# Subgroup coset

• Jun 17th 2012, 03:33 AM
kljoki
[SOLVED]Subgroup coset
How can i find left and right cosets of subgroup <2> ={0,2,4,6,8,10} of Z12 ???
thanks
• Jun 17th 2012, 12:01 PM
kljoki
Re: Subgroup coset
there is 2 cosets for H={0,2,4,6,8,10}
0+H = H
1+H = {1,3,5,7,9,11}
next is the same with this 2 :)
• Jun 17th 2012, 12:40 PM
Deveno
Re: Subgroup coset
Z12 is abelian, so the left cosets and right cosets are the same.
• Jun 17th 2012, 05:22 PM
HallsofIvy
Re: Subgroup coset
And there are two such cosets because the given sugroup contains 6= 12/2 members. kljoki, this would have been a good exercise in using the basic definition of "coset" because that is all that is required.
• Jun 18th 2012, 04:10 AM
kljoki
Re: Subgroup coset
Quote:

Originally Posted by Deveno
Z12 is abelian, so the left cosets and right cosets are the same.
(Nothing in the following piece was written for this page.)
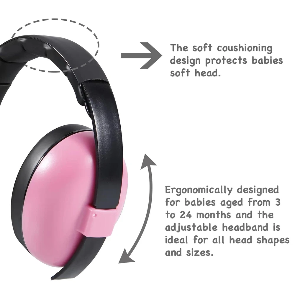 Baby Ear Protection Noise Cancelling Headphones Ages 0-3 Years | Infant Hearing Protection Earmuffs -Pink plastic and leather Imported Baby Ear Protection: PandaEar baby earmuffs significantly muffle harmful noise to prevent the potential hearing loss. Our headphone have dual-high density cushioning offers the most effective way in canceling any noise that comes your baby's way Adjustable Headband: Ergonomically designed for babies aged from 6 to 36 months and the adjustable headband is ideal for all head shapes and sizes. Our earmuffs fit snugly on the small and soft heads and provide the undisrupted sleep time Lightweight & Convenient: The lightweight baby noise cancellation headphones are perfect to be used during sporting events, flight, monster jam, fireworks, music concerts, wedding receptions and many more social gatherings, which generate loud noises. A bonus tote canvas bag provides great convenience and helps kids stay organized Ultra Soft and Comfort: The ear cushions are made of ultra-soft material with the generous amount of padding protects the most sensitive skin and offers the greatest comfort Durable & Long-Lasting: Made with high-quality materials, these earmuffs are built to withstand everyday wear and tear, ensuring they stay in excellent condition even with frequent use PandaEar baby earmuffs muffle noise to prevent hearing damage for babies and toddler. Our headphone have dual-high density cushioning offers the most effective way in canceling any noise that comes your baby's way (n/a) Color Pink

and what if it wasn't abelian, can you give me some example ?? :D
• Jun 18th 2012, 05:42 AM
Deveno
Re: Subgroup coset
sure. let's use the group of symmetries of a triangle. this is generated by a rotation of 120 degrees, and a reflection about the x-axis, which i shall call a and b. the multiplication operation is composition of functions (we consider the domain of these functions to be the triangle itself; although if you wish, we can consider them as acting on the entire euclidean plane).

clearly, a3 = e, the identity function ("do nothing" = "rotating 360 degrees")

also clearly, b2 = e.

by actual experimentation (you could make a triangle out of straws, for example), we see that:

ba = a2b.

thus G = {e,a,a2,b,ab,a2b}.

we have an obvious subgroup of order 2: H = {e,b}. let's compute the left and right cosets of H. first the left cosets:

eH = {ee,eb} = {e,b} = H (this one is easy).
aH = {ae,ab} = {a,ab}
a2H = {a2e, a2b} = {a2,a2b}

so far, so good. these 3 cosets are clearly all different.
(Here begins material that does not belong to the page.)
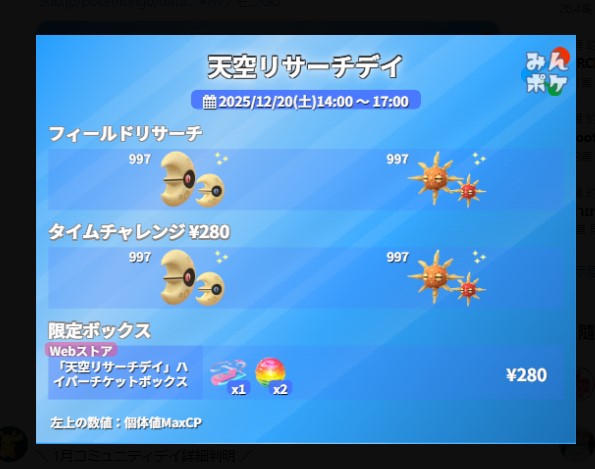12/20 天空調查日活動特殊調查田野任務 Pokemon GO 2025

bH = {be,bb} = {b,b2} = {b,e} = H (remember, in SETS, order of elements doesn't matter).
(ab)H = {(ab)e, (ab)b} = {ab,ab2} = {ab,a} = aH (not surprising since (ab)H should equal a(bH) = aH, since bH = H).
(a2b)H = {(a2b)e, (a2b)b} = {a2b, a2} = a2H

so we only have 3 "distinct" left cosets, H, aH and a2H.
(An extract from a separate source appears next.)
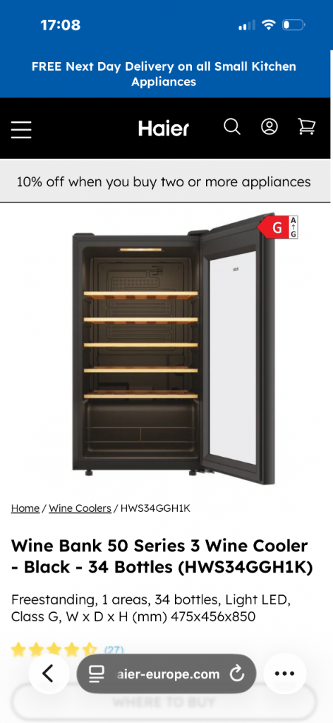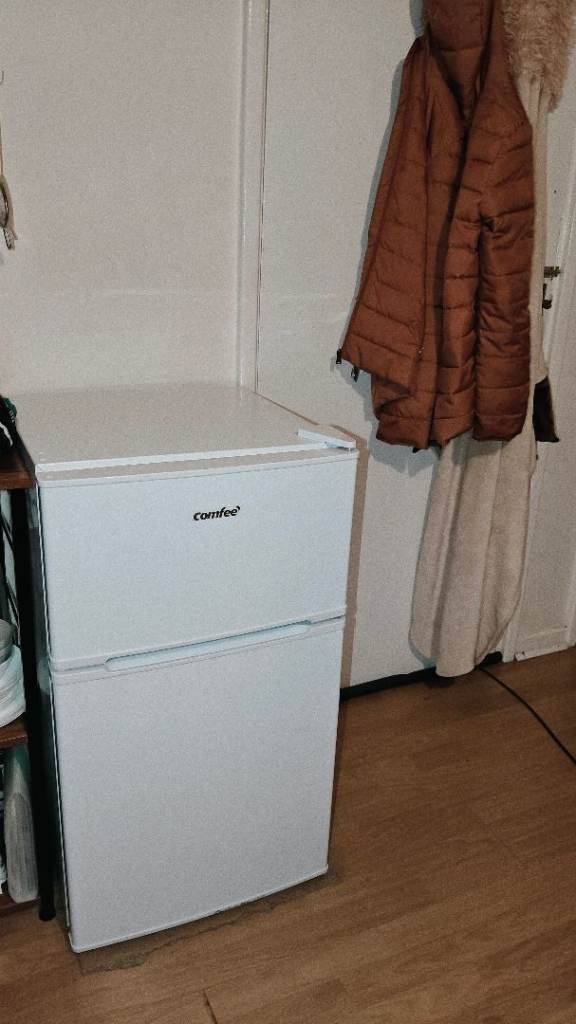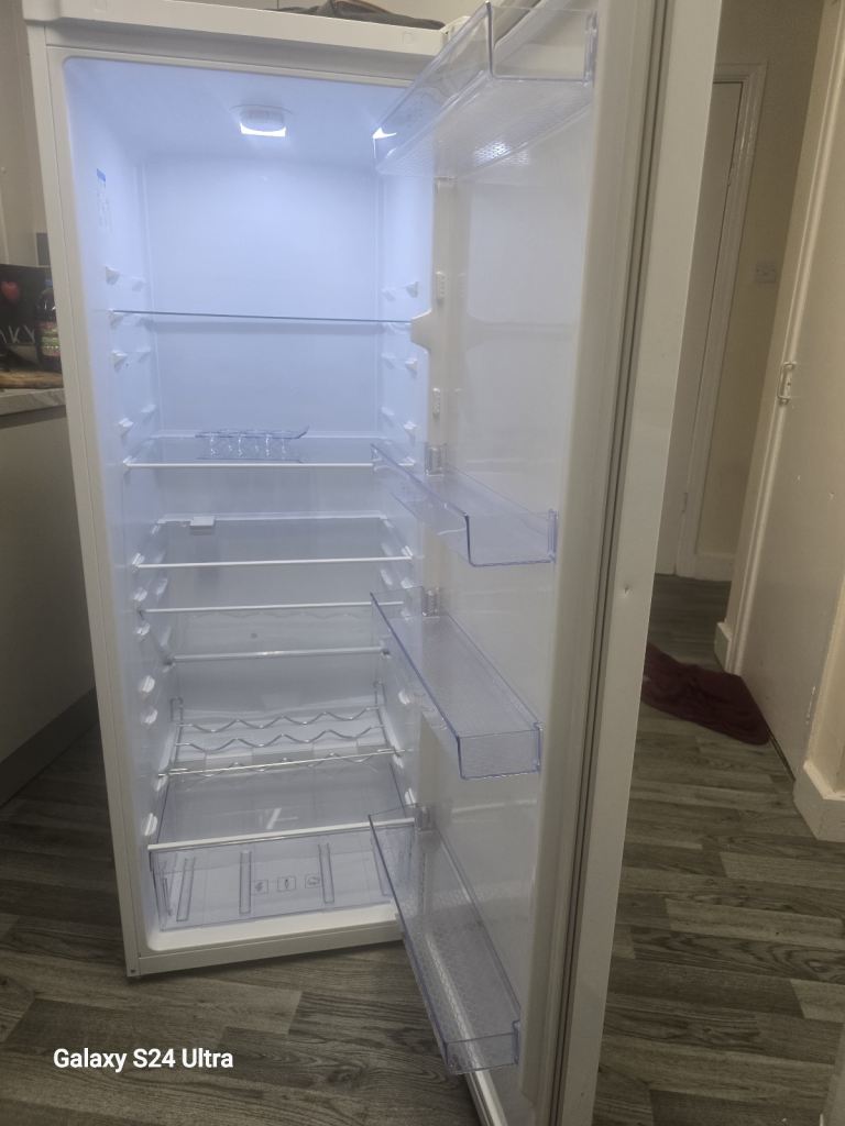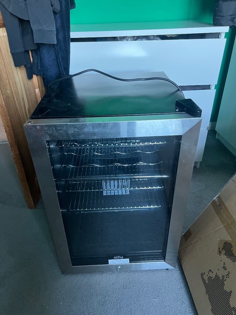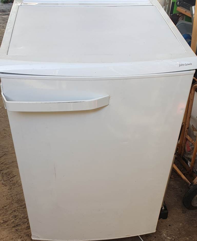 Free-standing under counter fridge suitable for garage as additional cold storage.

now let's look at the right cosets of H:

He = H (this really should be obvious).
Ha = {ea,ba} = {a,a2b} (remember that ba = a2b)
Ha2 = {ea2,ba2}.

hmm. what *is* ba2? we don't rightly know yet. let's figure it out:

ba2 = (ba)a = (a2b)a = a2(ba) = a2(a2b) = a4b = (a3)(ab) = (e)(ab) = ab.

so Ha2 = {a2, ab}.

note that aH is a different set than Ha, and a2H is a different set than Ha2. this shows that when G is non-abelian, for some subgroups H it might be possible that gH ≠ Hg.

i leave it to you to verify the the rest of the cosets are:

Hb = H
H(ab) = Ha2
H(a2b) = Ha

you will discover (shortly) that subgroups for which the left and right cosets are the same, are "special", and have their own name: normal subgroups.